Spinosaurus however, had the correct idea of ââthe ultimate plus-size predator. Let the water hold up your bulky bum and the food comes to you.
Whales have perfected this strategy over the past ten million years, expanding their length and girth to basically become long gulping tubes of plankton death. Powered by seawater, their bones have been spared the trauma of holding all that mass, and their muscles can focus their energies on pouncing on schools of nutritious crustaceans.
Larger lunges are well worth the effort as they may send lots of calories through the hatch. But only if the calories are there to swallow. The density and availability of krill goes only so far and sets limits even for the enormous size of the whale.

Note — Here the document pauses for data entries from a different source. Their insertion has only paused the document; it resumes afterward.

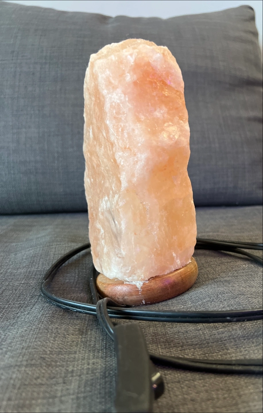 Natural Himalayan pink salt lamp. Features a warm, ambient glow. Cord included. Wooden base.
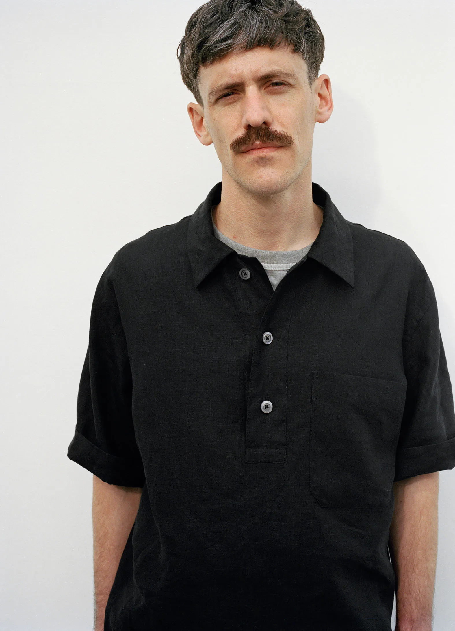 Stuart in Black Boxy Polo Shirt
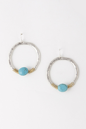 Turquoise Stone Wired Circle Dangle Earring 5FAD3
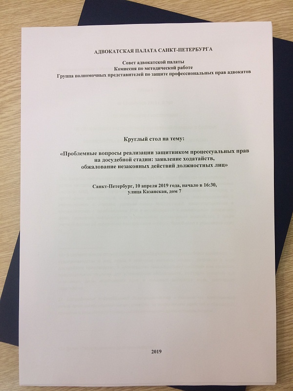 In the conclusion of the Round-table a decision was made that the administration of the Chamber of Advocates of Saint-Petersburg has to address the problem to the Federal Chamber of Advocates, administration of the Russian Interior Ministry and the Attorney General of Russia, in order to change the current situation.
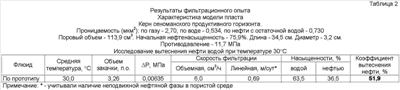 Модель пласта вертикально помещали в воздушный термостат и выдерживали при температуре опыта (равной пластовой температуре) не менее 10 часов. Затем в модель пласта с постоянной скоростью закачивали водогазовую смесь. При этом газ и воду берут в объемном отношении 6:4. На выходе из модели пласта измеряли с помощью мерников высокого давления количество выделившейся нефти и количество прошедшего через модель вытесняющего агента. За изменением перепада давления следили по автоматическому датчику давления с записью показаний ПЭВМ. Для приготовления водогазовой смеси использовали метан и модель воды сеноманского горизонта.
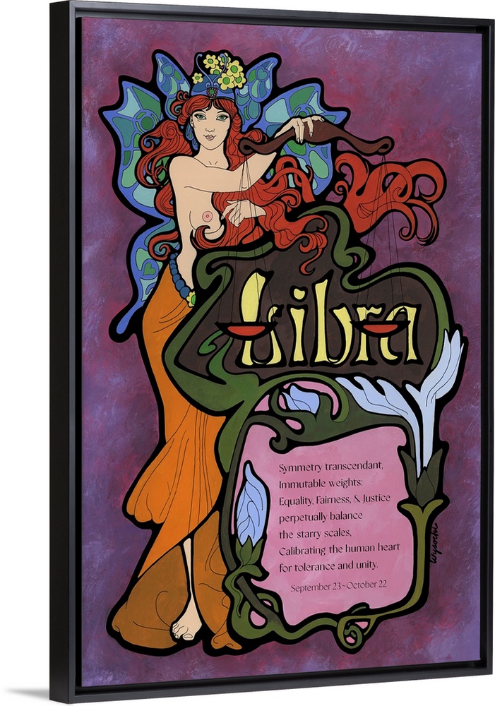 <p>Artwork and Poetry Focusing on the mythology of each sign, alluding to the astrological traits, with references to the genesis of the individual constellations and the machinations of the ancient gods. "Symmetry transcendant, Immutable weights: Equality, Fairness & Justice perpetually balance the starry scales, Calibrating the human heart for tolerance and unity." Libra, September 23 - October 22.</p>
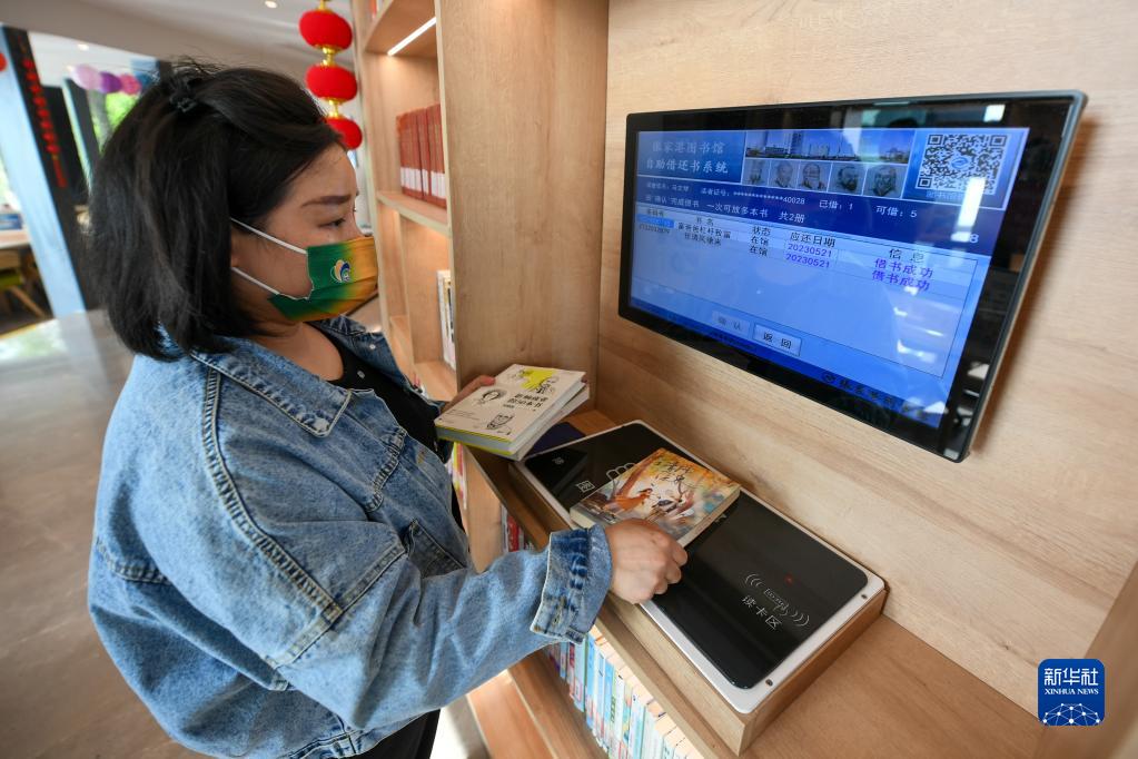 一名市民在張家港市益空間·湖畔書房內通過自助借還書系統借閱圖書(4月20日攝)。
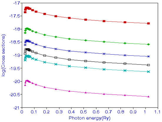 This shows that the present cross sections are much smaller compared to the detachment to the 1S state and the maximum of these cross sections is at k = 0.13. The cross sections obtained are shown in Figure 1, where log (cross sections) vs. photon energies are given. It is noted that cross sections change considerably from n = 2 to n = 3, and again from n = 6 to n = 7.
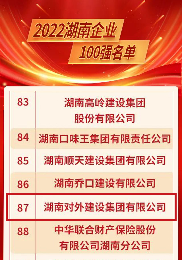 湖南外建位列湖南企業(yè)100強(qiáng)第87位

Even with more food, it’s possible that we can (based at least on existing physiology) have animals as big as animals, with blue whale hearts is already working overtime while foraging for food.
To grow a real megabeast, we would need a world with low gravity, deep oceans or a dense atmosphere. We’d need a dense supply of calories nearby, maybe we even need a whole new way of imagining how vital substances are transported through this mass.
In other words, based on what we know about life on earth, our Godzilla-sized life form would be remarkably un-Godzilla-like.
Might at least make it safer to hug.
All explainers are determined by fact checkers to be correct and relevant at the time of publication. Text and images can be changed, removed, or added as an editorial decision to keep the information current.